Exercise requirements
For this exercise, copy exactly the lines below from the one with "A young couple" through the one with "Για δηλώσεις συμμετοχής" and leave out the pictures.

========================================

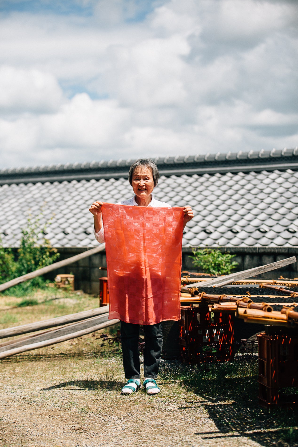 燻蒸中は24時間、つきっきりで温度調節をするため、ひとときも気が抜けません。年に一度、烏梅を作る数週間はその年で一番気合の入る時期です。時間をかけて出来上がった烏梅は、紅花と掛け合わせることで、烏梅の酸と紅花の持つ色材が反応し、鮮やかな紅色の染料になります。これを「紅花染め(べにばなぞめ)」と呼びます。近年では、手に入りにくくなってしまった烏梅の代わりに、紅花とクエン酸を使用する染色家の方もいらっしゃいますが、発色の鮮やかさ、透明感は烏梅を使ったものとは大きな違いがあります。
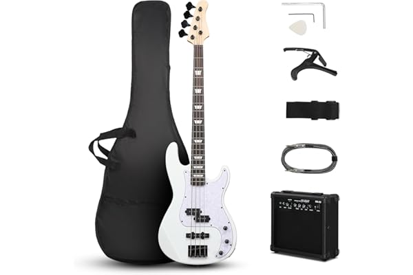 OUTSTANDING SOUND: This electric bass guitar features 1 split single coil pickup and 1 single pickup, combined with 2 volume and 2 tone control knobs to create richer tones. The headstock adopts a dual adjustment lever and a stabilization system, which can better ensure that the intonation and tone are stable at all timesEXQUISITE CRAFTSMANSHIP: The whole body of the electric bass uses the method of three-dimensional cutting to achieve the overall lightweight without affecting the resonance tone. The method of four-bolt fixed connection increases the comfort of high-position playingSUPERIOR MATERIAL: This right hand bass guitar consists of a naturally air-dried fretboard, basswood body and maple neck for better durability and better music performance. Made of nickel-plated carbon steel, our string features thicker strings and larger string tension20-WATT AMPLIFIER: This 20-watt amplifier can produce a more clear sound due to a special mesh design that makes dust difficult to enter the speaker. The amplifier has eight safety corners, which not only be placed more stable but also wear-resistant and non-slipSUITABLE FOR ALL SKILL LEVELS: This 4-string bass guitar is no assembly required and is ready to use right out of the box. It comes with a complete set of accessories for added convenience. This electric bass is a great choice for beginners and experienced musicians of all levels
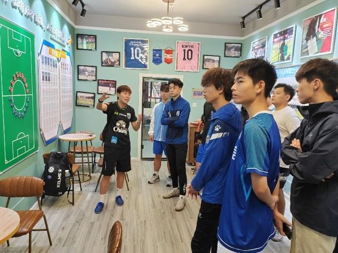 随后,在教练员的引导下,学生们参观了足球基地,了解了专业足球运动员的日常训练所需要的准备。现场气氛热烈而融洽。来自智能工程学院的钟维鑫同学在参观后感慨道:“今天亲眼看到足球队的文化传承,才真正理解到足球不仅仅是一项运动,它更是一种精神、一种文化,让人热血沸腾。我被他们坚持不懈的努力所感动,也希望自己能在学业上发扬这种精神。”
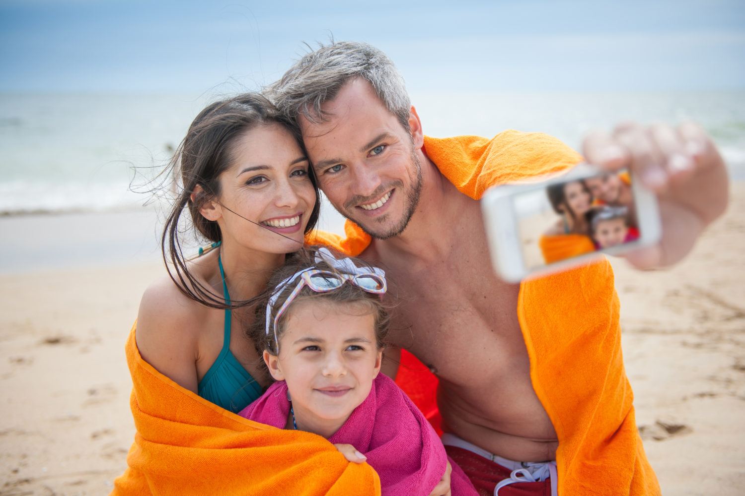 A young couple and their daughter are taking a selfie at the beach. Focus on the screen of the phone
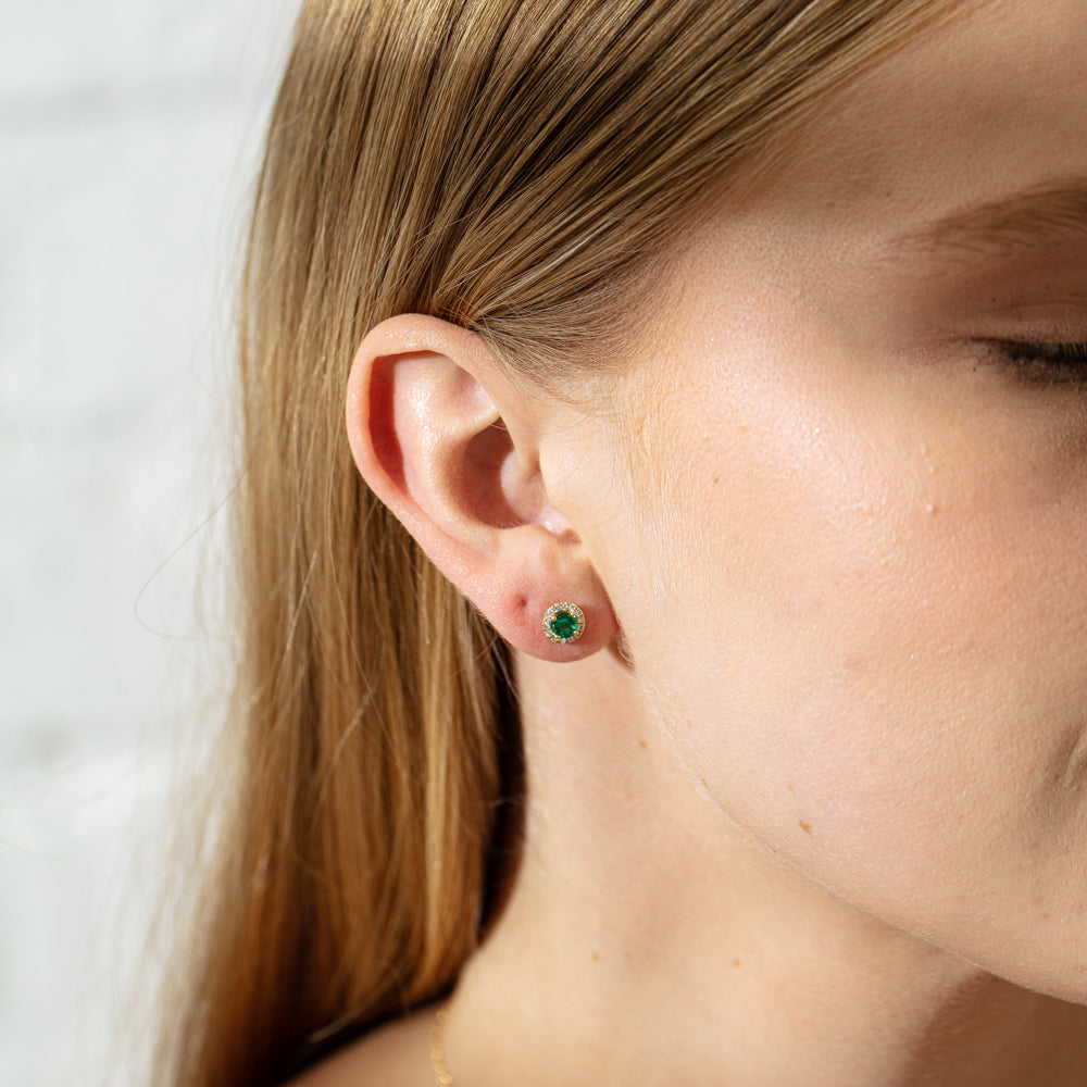 18ct yellow gold earrings featuring two strong green round cut emeralds framed by halos of dazzling white diamonds.
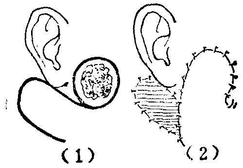 图18 双蒂皮瓣修复胫前缺损 皮下组织蒂皮瓣 为由肌皮动脉供血部位所形成的蒂部不包含皮肤而仅由皮下组织构成的皮瓣。与岛状皮瓣的原则有某些相似之处,但活力则相差较多,故此类皮瓣的蒂部应较宽且不可太长,以免皮瓣血运不足。皮下组织蒂皮瓣常在皮下血管丰富密如蛛网的面、颈部应用,属于局部或邻位皮瓣。经在皮下潜行剥离的间隙行推进或旋转移转,因蒂部没有较韧的皮肤制约,移转时较松动灵活,不出现推进皮瓣或旋转皮瓣的皮肤皱褶(图19)。
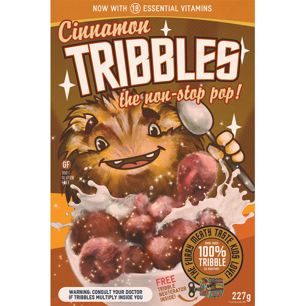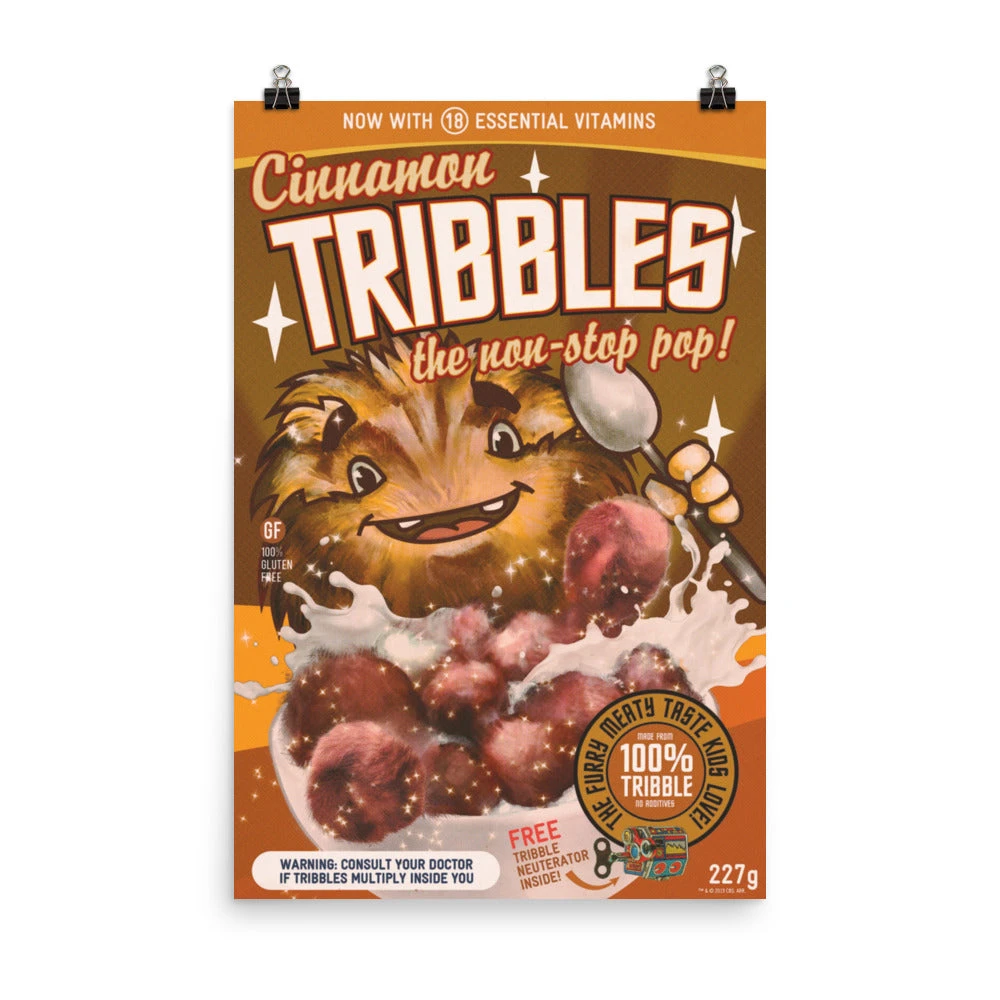 Put a pep in your step by enjoying the non-stop pop of Cinnamon Tribbles! Packed with 18 vitamins and the classic meaty flavor that kids love, Cinnamon Tribbles will quickly become a household breakfast staple. Featuring an adorable cinnamon tribble front and center, this hilarious Star Trek: Discovery Cinnamon Tribbles Poster is a must-have piece of decor for any fan.
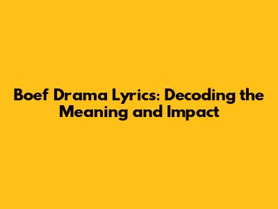 Boef Drama Lyrics: Decoding The Meaning And Impact
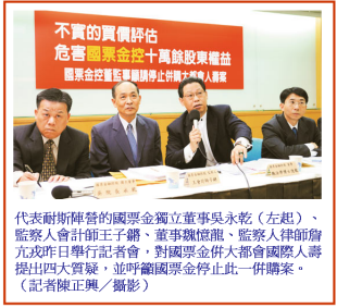 代表耐斯陣營的國票金董事魏憶龍、獨立董事吳永乾,及兩名監察人會計師王子鏘和律師詹亢戎,昨天聯合召開記者會,對國票金併大都會人壽提出四大質疑。
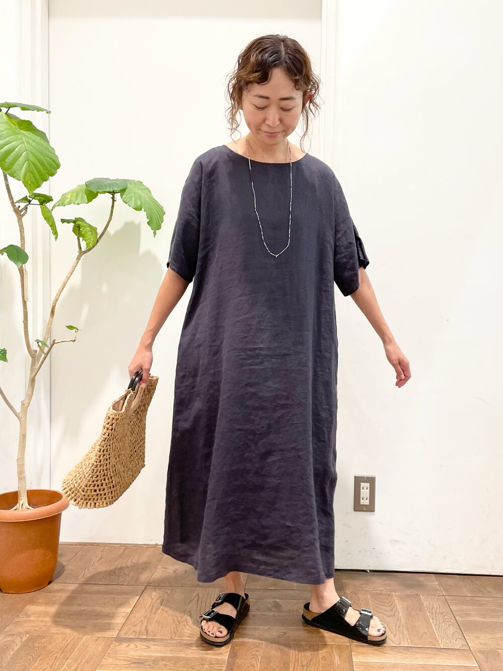 サラッと1枚で着られる リネンワンピース👗 涼しくて着心地抜群です〜
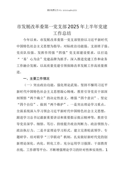 【七哥公文】2025年:【七哥公文】市发展改革委第一党支部2025年上半年党建工作总结+更多免费公文+VX:QiGeGongWen2024+更多免费公文+VX:QiGeGongWen2024
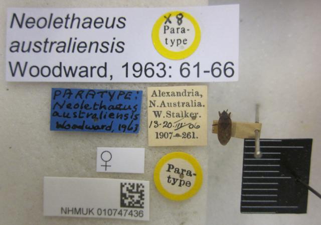 Neolethaeus australiensis. Paratype. (BMNH) - (CC BY-NC 4.0) Photo by Stuart Cole, reproduced with permission from the Natural History Museum, London, UK.
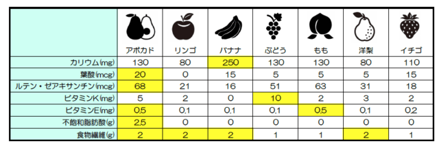 アボカドは一人分あたりの該当栄養素が特に多いフルーツ!
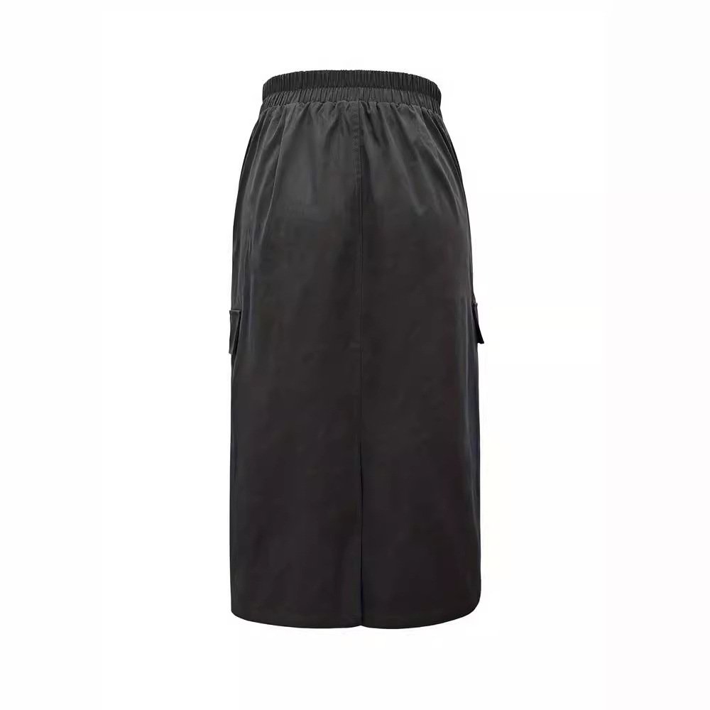 Women’s skirt, versatile, fashionable buttons, personalized patch pocket rear slit, weaving workwear skirt
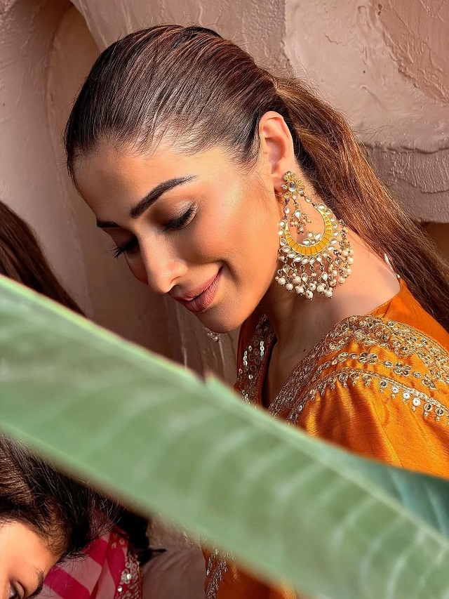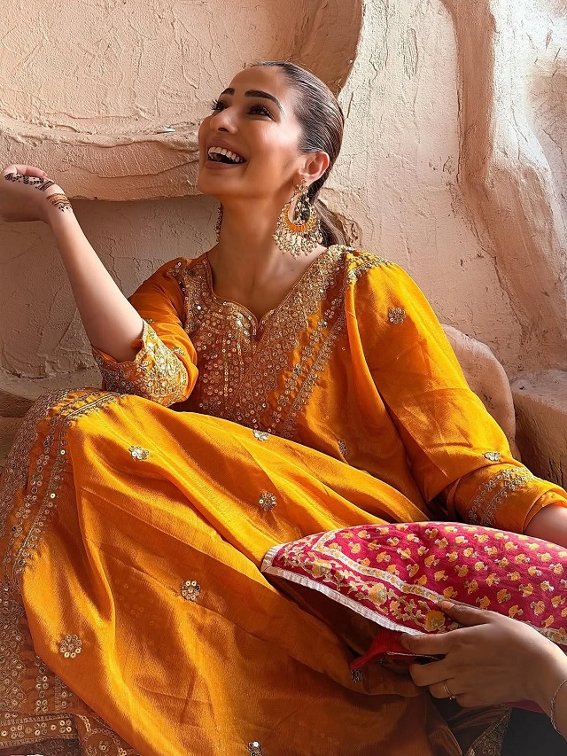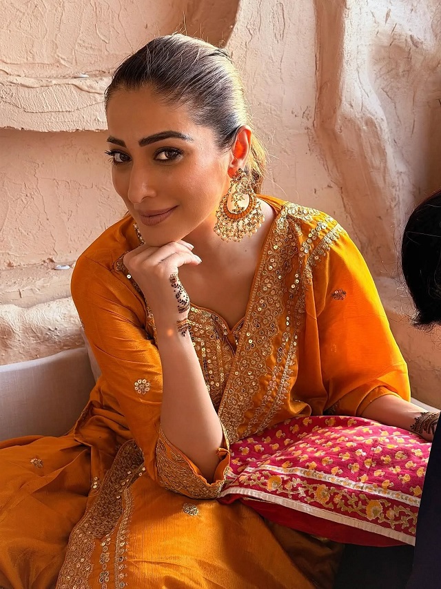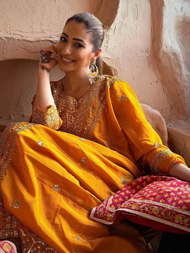 करवाचौथ पर लक्ष्मी राय का ऑरेंज सूट लुक
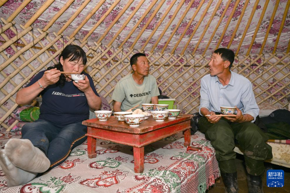 6月14日,彩恩朝格图(右)和侄子敖特根巴亚尔(中)、妻子娜布其在借宿的蒙古包中吃饭。
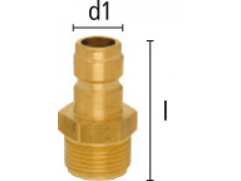 Wtyk szybkozłączki z króćcem do węża, wykonany z mosiądzu (MS 58).
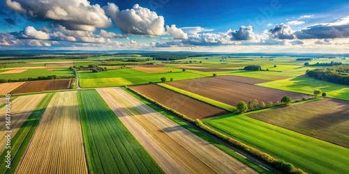 Aerial View of Cultivated Farmland Showing Diverse Crops Under a Partly Cloudy Sky
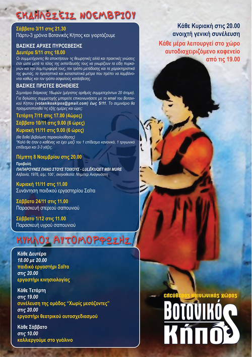 Για δηλώσεις συμμετοχής μπορείτε επικοινωνήσετε με το email του Βοτανικού Κήπου (votanikoskipos@gmail.com) έως 5/11.
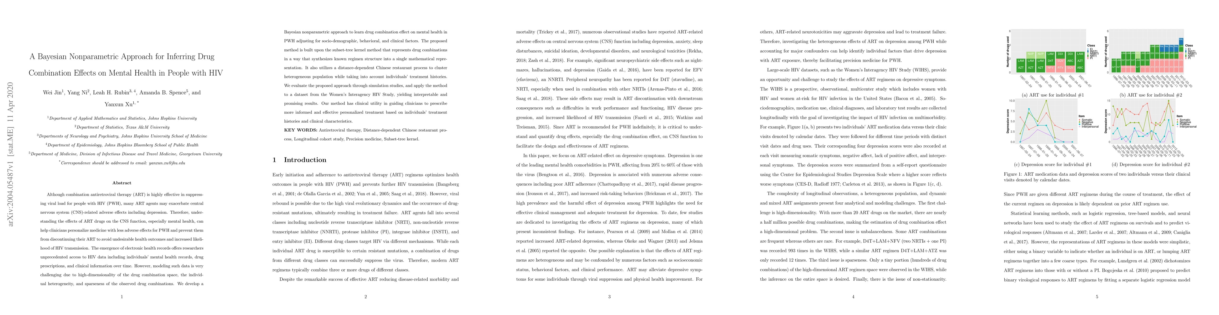 This paper proposes a Bayesian nonparametric approach to infer the effects of drug combinations on mental health in people with HIV, addressing the high-dimensionality and heterogeneity of the data. The method uses a subset-tree kernel and a distance-dependent Chinese restaurant process, and is shown to yield interpretable results that can guide personalized treatment plans.
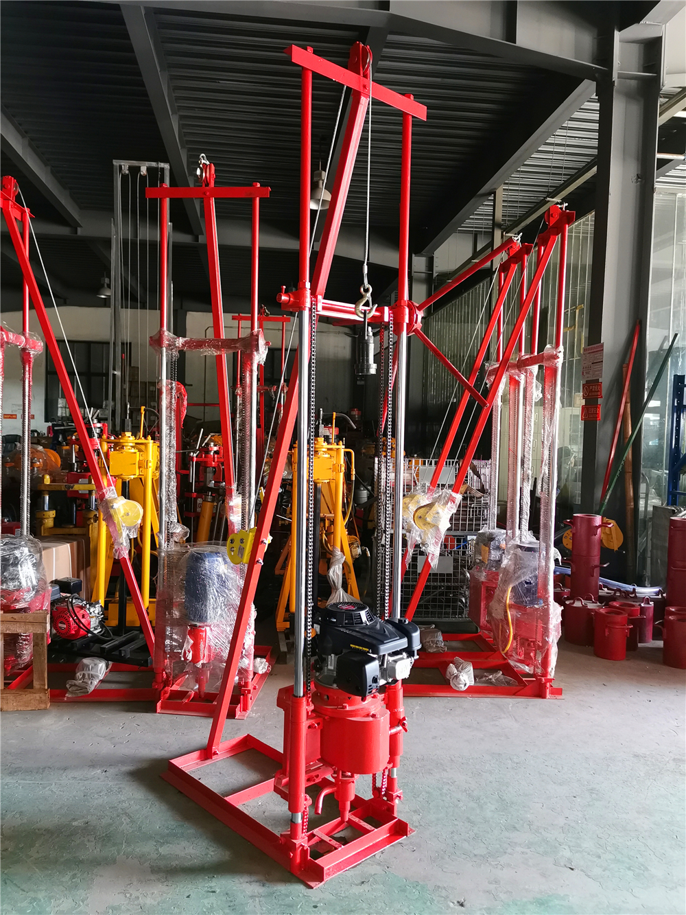 1、取樣鉆機:含汽油發(fā)動機鉆進裝置、鏈條式支架、轉(zhuǎn)向盤、木架底座。
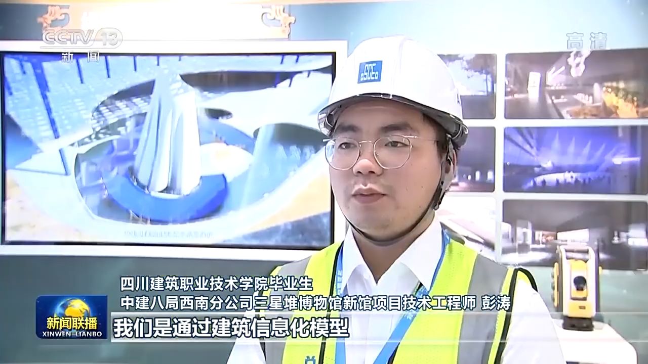四川建筑職業(yè)技術學院畢業(yè)生 中建八局西南分公司三星堆博物館新館項目技術工程師 彭濤:我們是通過建筑信息化模型,提前搭建虛擬博物館,把各種風險提前排除,智能建造讓我們加速奔向未來社會。今天的職業(yè)教育是很有預見性的,讓我提前獲得了建筑信息模型技術及大數(shù)據(jù)等多種本領。
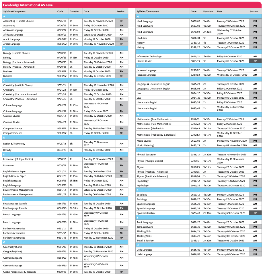 cie考试局as-level考试安排:
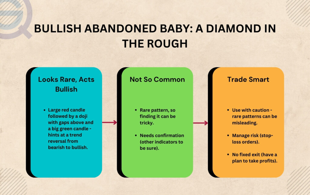 - Despite its effectiveness in signaling a bullish reversal, the Bullish Abandoned Baby pattern has limitations, such as its rarity due to strict formation criteria and the absence of a fixed profit target, necessitating the use of supplementary methods for profit-taking decisions.
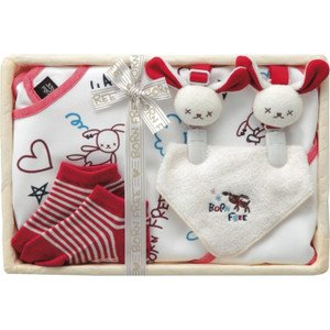 『出産祝 ベビーギフト プレゼント お祝い 内祝などに人気の商品』 BORN FREE お食事4点セット(カゴ入り) レッド

========================================

Result for this exercise
 A young couple and their daughter are taking a selfie at the beach. Focus on the screen of the phone
 18ct yellow gold earrings featuring two strong green round cut emeralds framed by halos of dazzling white diamonds.
 图18 双蒂皮瓣修复胫前缺损 皮下组织蒂皮瓣 为由肌皮动脉供血部位所形成的蒂部不包含皮肤而仅由皮下组织构成的皮瓣。与岛状皮瓣的原则有某些相似之处,但活力则相差较多,故此类皮瓣的蒂部应较宽且不可太长,以免皮瓣血运不足。皮下组织蒂皮瓣常在皮下血管丰富密如蛛网的面、颈部应用,属于局部或邻位皮瓣。经在皮下潜行剥离的间隙行推进或旋转移转,因蒂部没有较韧的皮肤制约,移转时较松动灵活,不出现推进皮瓣或旋转皮瓣的皮肤皱褶(图19)。
 Put a pep in your step by enjoying the non-stop pop of Cinnamon Tribbles! Packed with 18 vitamins and the classic meaty flavor that kids love, Cinnamon Tribbles will quickly become a household breakfast staple. Featuring an adorable cinnamon tribble front and center, this hilarious Star Trek: Discovery Cinnamon Tribbles Poster is a must-have piece of decor for any fan.
 Boef Drama Lyrics: Decoding The Meaning And Impact
 代表耐斯陣營的國票金董事魏憶龍、獨立董事吳永乾,及兩名監察人會計師王子鏘和律師詹亢戎,昨天聯合召開記者會,對國票金併大都會人壽提出四大質疑。
 サラッと1枚で着られる リネンワンピース👗 涼しくて着心地抜群です〜
 【七哥公文】2025年:【七哥公文】市发展改革委第一党支部2025年上半年党建工作总结+更多免费公文+VX:QiGeGongWen2024+更多免费公文+VX:QiGeGongWen2024
 Neolethaeus australiensis. Paratype. (BMNH) - (CC BY-NC 4.0) Photo by Stuart Cole, reproduced with permission from the Natural History Museum, London, UK.
 アボカドは一人分あたりの該当栄養素が特に多いフルーツ!
 Women’s skirt, versatile, fashionable buttons, personalized patch pocket rear slit, weaving workwear skirt
 करवाचौथ पर लक्ष्मी राय का ऑरेंज सूट लुक
 6月14日,彩恩朝格图(右)和侄子敖特根巴亚尔(中)、妻子娜布其在借宿的蒙古包中吃饭。
 Wtyk szybkozłączki z króćcem do węża, wykonany z mosiądzu (MS 58).
 Aerial View of Cultivated Farmland Showing Diverse Crops Under a Partly Cloudy Sky
 Για δηλώσεις συμμετοχής μπορείτε επικοινωνήσετε με το email του Βοτανικού Κήπου (votanikoskipos@gmail.com) έως 5/11.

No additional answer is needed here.